Dambe, amulettes et coups de corde : le Nigeria modernise son art martial ancestral

Rédaction : Widad WAHBI

Le Dambe, art martial traditionnel du nord du Nigeria, entre dans une nouvelle ère. Porté par des siècles d’héritage haoussa, ce sport de combat spectaculaire où les poings bandés claquent comme des fouets  fait désormais l’objet d’un tournoi télévisé, le Dambe World Series, diffusé en direct depuis Abuja. Loin des arènes de sable des quartiers populaires, le Dambe foule aujourd’hui les planches du stade national, éclairé par des projecteurs et filmé pour le public international.

Mais avant de monter sur le ring, les combattants se préparent selon des rites séculaires : peintures corporelles, incisions rituelles, onguents mystiques, invocations des mallams (guides spirituels)… autant de gestes transmis de génération en génération pour « renforcer le corps et l’âme » et invoquer la victoire.

Abdullahi Ali, surnommé « Coronavirus », 20 ans, est l’une des jeunes figures de ce sport. Vétéran malgré son âge, il a grandi dans la pratique du Dambe. « C’est un grand moment. Le public augmente chaque jour », confie-t-il la veille du tournoi, fier de porter les couleurs de la Maison Kudu.

Le Dambe, pourtant, reste un sport brutal. Un seul poing, bandé de cordes, est autorisé à frapper. L’autre bras est tendu, prêt à défendre ou agripper. Quand un combattant tombe au sol, on dit qu’il a été « tué » : le round s’arrête. Entre deux combats, des artistes se produisent, et des publicités ponctuent le spectacle, signe d’un changement d’échelle.

Autrefois pratiqué dans les ruelles de Kano ou les quartiers marginaux d’Abuja, le Dambe attire désormais l’attention des sponsors, des chaînes internationales, et même des autorités nigérianes qui y voient un outil de valorisation du patrimoine culturel.

« Au lieu d’occidentaliser le Dambe, notre objectif est de le professionnaliser tout en gardant son identité », explique Maxwell Kalu, fondateur du West African Fighting Championship (WAFC), l’organisation à l’origine du tournoi. Objectif : encadrer la pratique, sécuriser les combattants, introduire des salaires, et ouvrir la compétition aux athlètes étrangers.

En 2024, un Britannique, Luke Leyland, est devenu le premier combattant non-nigérian à participer à un tournoi de Dambe. Battu à plates coutures, il en a tiré un documentaire. Les Nigérians, eux, accueillent cette ouverture avec enthousiasme, convaincus de rester les maîtres incontestés de leur discipline.

Mais la réalité reste rude : blessures fréquentes, cicatrices visibles, absence de couverture sociale. Usman Abubakar, 20 ans, aujourd’hui en convalescence après une blessure à la poitrine, confie : « Si je me marie, je ne laisserai pas mes enfants pratiquer ce sport. »

Sur les réseaux sociaux, le Dambe a gagné une audience mondiale. Des vidéos virales attirent les curieux de Lagos à Los Angeles. À Lagos justement, des compétitions sont désormais organisées, élargissant l’ancrage géographique de ce sport autrefois réservé au nord.

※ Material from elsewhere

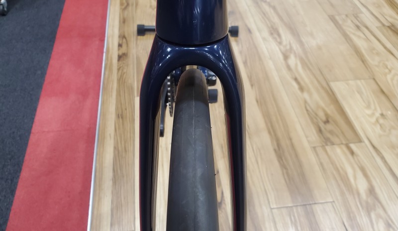 ロングライド向きモデルの場合はレーシングモデルと比較して太めのタイヤが履ける傾向にあります!RE8も例に漏れず広めのタイヤクリアランスを確保、完成車標準タイヤで700×32C、メーカー公表の最大クリアランス表記は無いのですが実寸的に35Cとかは履けそうです!

Dans l’État de Nasarawa, les combattants s’en remettent aux bénédictions des mallams avant de monter sur le ring. Des femmes assistent désormais aux combats, séduites par l’intensité du spectacle. « C’est un peu effrayant, mais j’aime bien », sourit Joy Beatrice, agente forestière.

Symbole de résilience, le Dambe continue d’incarner une jeunesse en quête de reconnaissance, de gloire… et de survie. Dans chaque coup porté, il y a l’écho d’une tradition réinventée.